Tangerangupdate.com – Pengesahan Undang-Undang Tentara Nasional Indonesia (UU TNI) pada hari ini, Kamis 20 Maret 2025, menuai kontroversi dan kekhawatiran dari berbagai kalangan.
Pasalnya, terdapat sejumlah pasal dalam UU tersebut yang dinilai berpotensi menghidupkan kembali dwifungsi TNI, sebuah konsep yang identik dengan rezim Orde Baru (Orba).
Salah satunya adalah pasal yang memperluas peran TNI dalam operasi militer selain perang (OMSP). Pasal ini dinilai pasal karet dan dapat disalahgunakan untuk kepentingan politik penguasa untuk menggebuk oposisi.
Selain itu, terdapat juga pasal yang memperbolehkan prajurit TNI aktif untuk menduduki jabatan sipil di lembaga negara. Hal ini dikhawatirkan akan membuka peluang bagi militer untuk kembali masuk ke dalam ranah politik sipil.
Kekhawatiran akan kebangkitan Orba bukan tanpa dasar. Sejak reformasi 1998, terdapat sejumlah kelompok yang secara terang-terangan menyatakan kerinduan mereka akan masa Orba. Ingat slogan ‘Piye kabare, enak jamanku toh’!.
Kelompok-kelompok ini melihat Orba sebagai masa kejayaan Indonesia, di mana stabilitas politik dan ekonomi terjaga. Pengesahan UU TNI yang baru ini menjadi momentum bagi kelompok-kelompok pro-Orba untuk kembali memperjuangkan ideologi mereka.
Mereka melihat UU ini sebagai pintu masuk bagi militer untuk kembali berperan dalam politik sipil. Jika dwifungsi TNI kembali dihidupkan, maka demokrasi Indonesia akan terancam.
Militer akan kembali mendominasi kehidupan sipil, dan ruang gerak masyarakat sipil akan semakin terbatas. Kebebasan berpendapat dan hak asasi manusia juga akan terancam.
Dwifungsi TNI: Momok Demokrasi
Dwifungsi TNI adalah doktrin yang memberikan peran ganda kepada TNI, yaitu sebagai kekuatan pertahanan negara dan kekuatan sosial-politik.
Pada masa Orba, dwifungsi TNI digunakan sebagai alat untuk melegitimasi kekuasaan militer dalam berbagai bidang kehidupan, mulai dari politik, ekonomi, hingga sosial budaya.
Praktik dwifungsi TNI pada masa Orba terbukti membawa dampak negatif bagi demokrasi Indonesia. Militerisasi dalam kehidupan sipil menyebabkan ruang gerak masyarakat sipil menjadi terbatas, kebebasan berpendapat dikekang, dan pelanggaran hak asasi manusia (HAM) marak terjadi.
Oleh karena itu, penting bagi semua elemen masyarakat untuk mengawal implementasi UU TNI ini. Jika terdapat pasal-pasal yang berpotensi menghidupkan kembali dwifungsi TNI, maka perlu dilakukan revisi atau bahkan pembatalan.

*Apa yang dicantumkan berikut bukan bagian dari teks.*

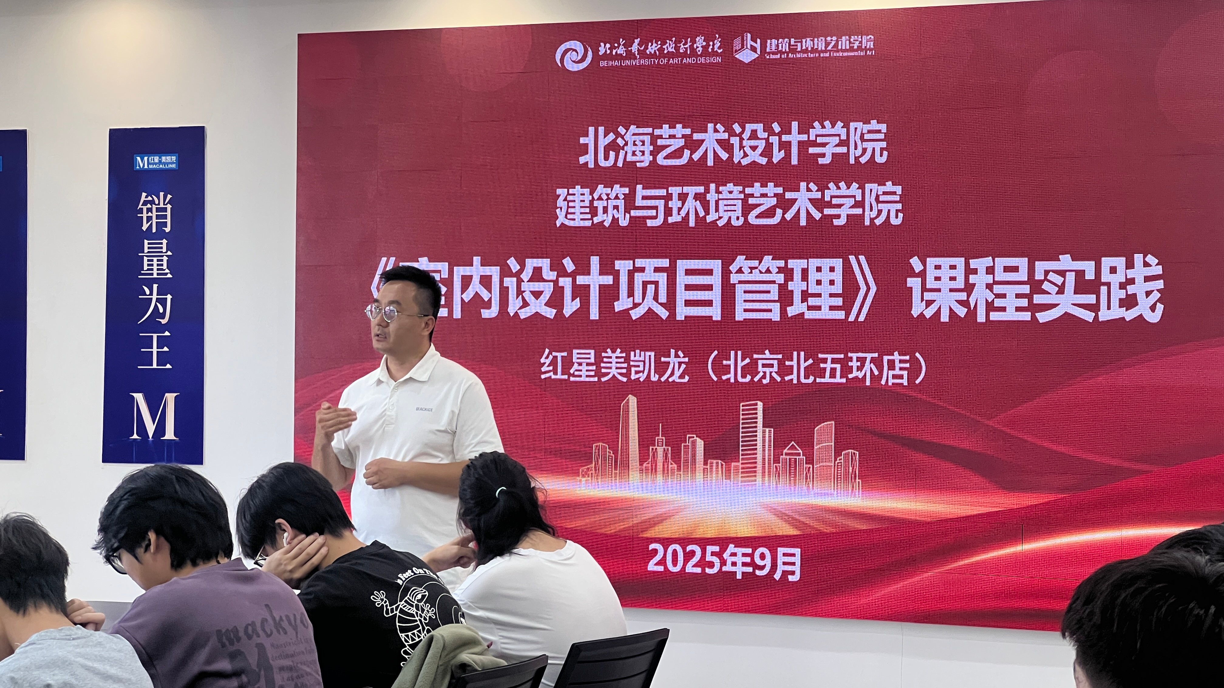 9月18日至19日,建筑与环境艺术学院延续创新实践教学模式,由北京实践基地组织环设22级学生赴北京红星美凯龙全球家居1号店,开展为期两天的沉浸式实践教学,将《室内项目管理》课堂搬至行业一线。本次课程由郭瑞、张云、张浪三位资深设计师主讲,以“问答互动+案例解析+市场调研”形式,打造兼具专业深度与行业广度的实践课堂。​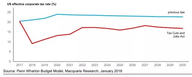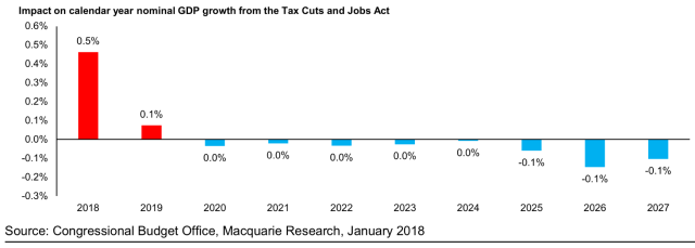 麦格理分析,川普税改对GDP增长的提振作用,集中体现在2018年,帮助GDP多增长0.5%,而这个数值到2019年只有0.1%, 而2020年后会开始拖累GDP(财政赤字等因素):

Diperlukan kewaspadaan dan pengawasan dari semua elemen masyarakat untuk memastikan bahwa UU ini tidak disalahgunakan untuk kepentingan politik penguasa.
Disclaimer: Artikel ini merupakan produk meja redaksi Tangerangupdate.com. Semua isi tulisan dan konten di dalamnya merupakan sebuah opini dan tidak menunjukkan keberpihakan kepada siapapun.